Ничейная земля
Шрифт:
– И что из этого?
– Да ничего. Просто потрындели и все. А я запомнил. Ну, дом запомнил. Там же через два квартала моя телка живет, фиг ли. А кореш еще сказал, они с этим Сусликом тоже раскумариться любили. Суслик дунуть не дурак был.
– Имя кореша?
Боб заметно напрягся.
– Слушайте, вы ж… Если вы к нему пойдете, вы ж меня вломите по-любому, да? Не надо! Он… Он же мне глотку перегрызет, нахер! Да он просто мне про тот дом ляпнул, что там Суслик жил, что они курили иногда с ним, и все. Ничего больше! Кореш тут не при
– Закрой хлебало, а, – поморщился Халилов. – Чувак, у тебя не рот, а решето какое-то. Хорош трындеть. Отвечай по существу. Я тебе вопрос задал. И обрисовал ситуацию, что будет, если мне твои расклады не понравятся. Так что, типа, выбирай.
Боб мученически вздохнул.
– Санчес. Санчес его кликуха.
Халилов вопросительно покосился на Полякова. Оторвавшись на секунду от своих художеств, Поляков покачал головой. Кличка Санчес ему ни о чем не говорила. Тогда Халилов вернулся к Бобу:
– А зовут как?
– Вано.
– Вано? Грузин, что ли?
– Почему грузин-то сразу? А, не. Иван в смысле. Иван, Ванек, Вано… – Боб схватился за голову. – Блин, вот непруха-то. Надо ж было сунуться туда. Проще было в кусты любые залезть и там раскумариться. Нет, решил в тепле посидеть. Посидел, мля… А я ведь чисто оказался не в то место не в том вре… Ну, то есть наоборот, не в то время не в том месте. Ну, вы поняли.
– Все мы часто оказываемся не там, где хотели, – сказал Поляков. – Но это не означает, что мы не должны были там оказаться. Ведь никто из нас не знает всего плана, верно?
Боб непонимающе уставился на Полякова.
– Какого плана?
– Того самого, Боб. Который мы так хотим понять – но так никогда и не поймем.
Поляков отложил кусок бумаги. Рисунок вряд ли был закончен, просто ему надоело рисовать. Даже поверхностного взгляда было достаточно, чтобы понять – в Полякове пропадал неплохой художник. Картинка была странная. Черной шариковой ручкой на куске протокольного бланка были изображены редкие звездочки на заштрихованном темном небе. Край какого-то оврага, на дне которого виднелась рука со скрюченными в агонии пальцами. И черные силуэты людей, стоявших на краю оврага и смотревших вниз.
12
– Ты жила в Яме, – выдал Гапонов после долгого молчания. – До восемнадцати лет, кажется?
– Что?
Видя, что Катя сбита с толку, Гапонов счел нужным пояснить:
– Это есть в твоем личном деле. Я внимательно перечитал его. Ты выросла в Яме.

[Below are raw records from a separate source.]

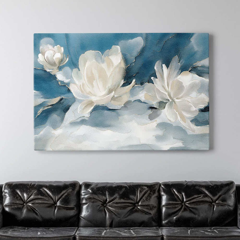 Картина на стену большая “Абстракция из пионов ” выполнена в нежных белых, кремовых и синих цветах. Картина на холсте гармонично смотрится в любом помещении. Интерьерная картина в спальню сохраняет цвет более 10 лет, не боится влаги и солнца, поскольку создана с помощью краски на водной основе. Картина переносится на холст с помощью латексной печати премиальными немецкими чернилами. Большая картина в гостиную имеет крепление “крокодил” в комплекте, можно сразу повесить на стену и не думать о способах установки. Картины легко подвешиваются на стену с помощью зубчатого крепления на обратной стороне. Настенная картина в детскую с высоким качеством печати отличается максимальной детализацией. Картина на холсте в качестве подложки использует подрамник из дерева — материала премиум-качества, холст натянут на прочный подрамник из дерева. Настенный декор помогает полностью преобразить помещение, сделать его уютным и элегантным. Его можно сразу повесить на стену или же вставить в рамку, чтобы продлить срок эксплуатации картины и снизить уровень воздействия на краску.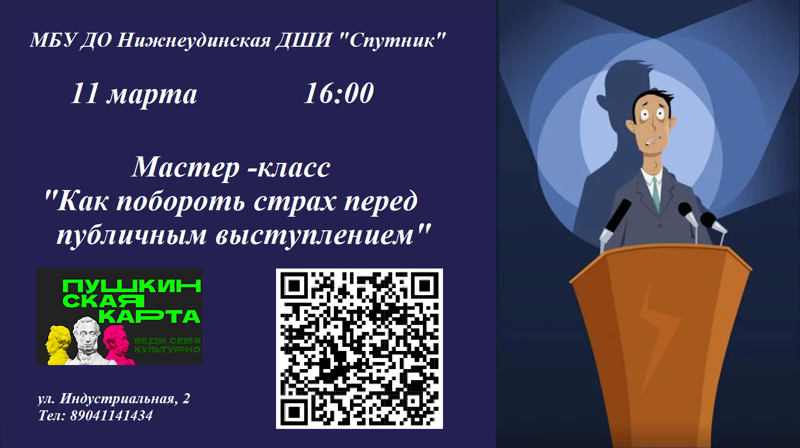 В рамках реализации федерального проекта «Пушкинская карта» Нижнеудинская детская школа искусств «Спутник» приглашает на Мастер- класс «Как побороть страх перед публичным выступлением».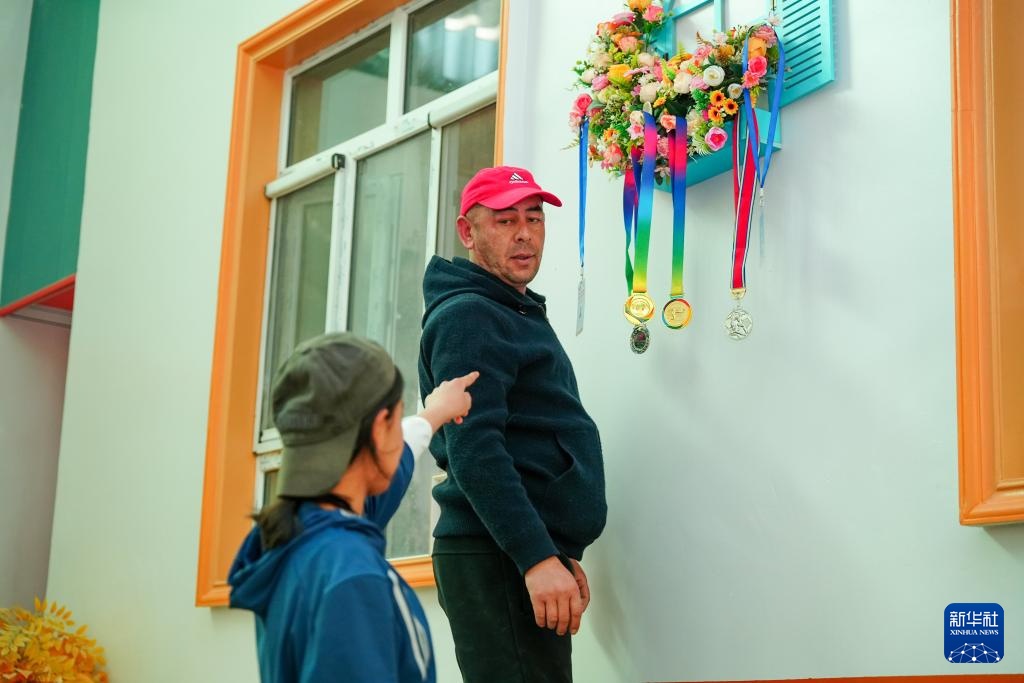 这是在阿图什市亚喀巴格村,阿图什市U13女子足球队球员乃菲赛·阿布都外力的父亲帮女儿整理奖牌和参赛证件(4月13日摄)。

Была вторая половина дня, и Катя, вспомнив о просьбе Кости, уже рассчитывала смыться с работы пораньше, чтобы дома – в своей новой квартире, куда она переехала на прошлой неделе, но где ее вещи все еще хранились в коробках – заняться главным. Начать обживаться в их с Костей логове.
А потом зазвонил телефон. Это был Гапонов. И вскоре Катя, удивленная, настороженная и озадаченная, стояла напротив рабочего стола главного следователя города и смотрела ему в глаза.
– Да, Ефим Алексеевич.
– Немногие выходцы из этого района добились хоть чего-то, – сказал он. – Ты, конечно, не легендарный прокурор Крыма, «няш-мяш» и все такое, однако все равно. Скорее исключение, чем правило. – Гапонов покачал головой. – Восемнадцать лет назад. А это ведь ровно половина твоей жизни. Даже не знаю, символизм просто какой-то. Ты веришь в символизм?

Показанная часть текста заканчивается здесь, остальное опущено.